**TASK**
Look for "from" in the material below and show each line that contains it.

**RECORDS FOR THIS EXERCISE**
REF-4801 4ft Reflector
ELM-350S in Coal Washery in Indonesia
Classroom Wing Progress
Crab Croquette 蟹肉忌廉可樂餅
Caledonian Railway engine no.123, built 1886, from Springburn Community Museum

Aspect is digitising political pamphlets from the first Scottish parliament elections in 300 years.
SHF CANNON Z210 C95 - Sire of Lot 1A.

==

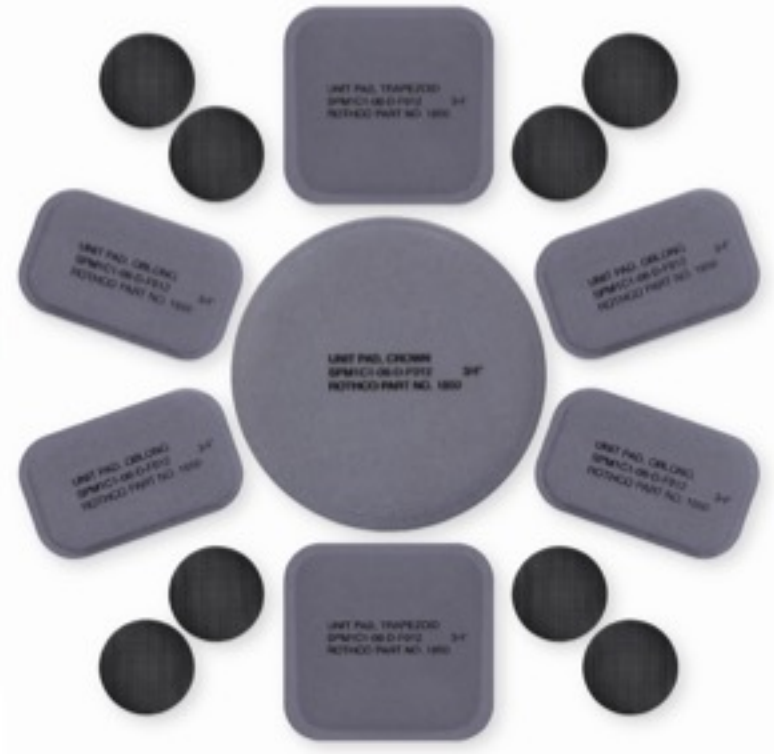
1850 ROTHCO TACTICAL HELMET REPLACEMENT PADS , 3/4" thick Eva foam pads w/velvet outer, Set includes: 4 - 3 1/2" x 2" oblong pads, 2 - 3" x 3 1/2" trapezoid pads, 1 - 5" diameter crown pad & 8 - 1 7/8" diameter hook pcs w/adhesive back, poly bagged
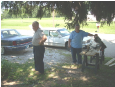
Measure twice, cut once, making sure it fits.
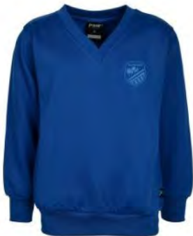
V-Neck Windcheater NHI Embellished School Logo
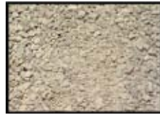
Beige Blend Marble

**TASK RESULT**
Caledonian Railway engine no.123, built 1886, from Springburn Community Museum
Aspect is digitising political pamphlets from the first Scottish parliament elections in 300 years.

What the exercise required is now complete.